__DATA__

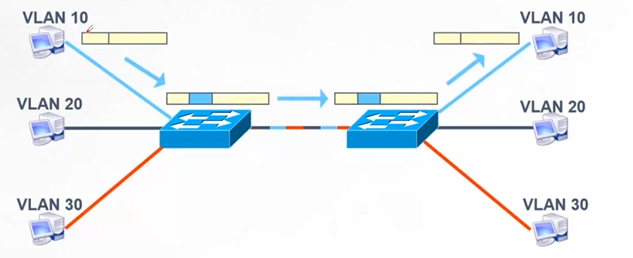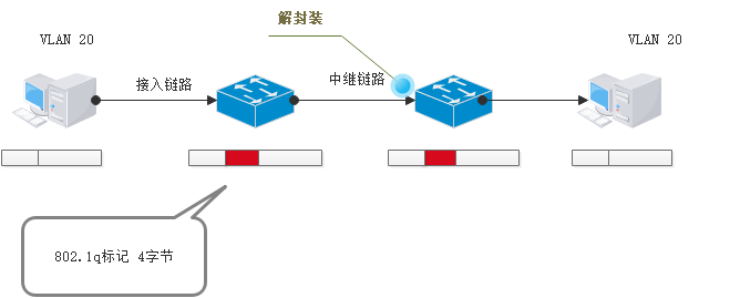 交换机给往其他交换机的数据打上VLAN标识
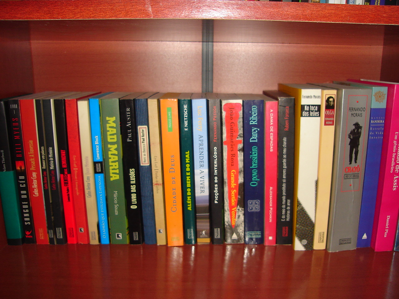 Aqui a coisa começa a ficar confusa. Darcy Ribeiro, Lya Luft, Cony, Adam Thirlwell, Nietzsche, Luc Ferry, Paul Auster e uma edição da idade do Bronze de Grande Sertão Veredas, ao lado de uma pequena coleção de títulos do Fernando Morais. Pô, sujeito, que mistureba! Se decide aí!
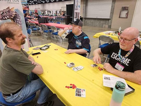 My thoughts: I didn’t really remember what this game’s description was by the time Gen Con came around, but it turned out to be far more cerebral—and far less thematic—than I anticipated. It also felt very much like two separate games: determining the secret letters was the bulk of the game play, with guessing the words coming in almost as an afterthought. Trying to figure out the letters was a serious exercise in logic, and in the end, my game partner, another demo agent, and I had to resort to guessing a couple of them. (Guessing the words was a simple matter of association and most likely answer.)
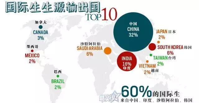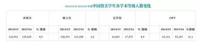 Open Doors数据表明,赴美就读本科427313人,达整体国际学生总数的40.9%,增幅7.1%,读研人数为383,935人,增长6.0%。在很长一段时间中,研究生一直是国际学生赴美留学的主流,但如今本科生的数量持续大幅度上涨,与其他学术阶段的人数差距越来越大,再次证实留学低龄化已成现实。

__REQUIREMENT__
The answer should contain nothing but the lines from the top of the data above through the line containing "Aqui a coisa", copied exactly, with no images.

__SOLUTION__
 交换机给往其他交换机的数据打上VLAN标识
 Aqui a coisa começa a ficar confusa. Darcy Ribeiro, Lya Luft, Cony, Adam Thirlwell, Nietzsche, Luc Ferry, Paul Auster e uma edição da idade do Bronze de Grande Sertão Veredas, ao lado de uma pequena coleção de títulos do Fernando Morais. Pô, sujeito, que mistureba! Se decide aí!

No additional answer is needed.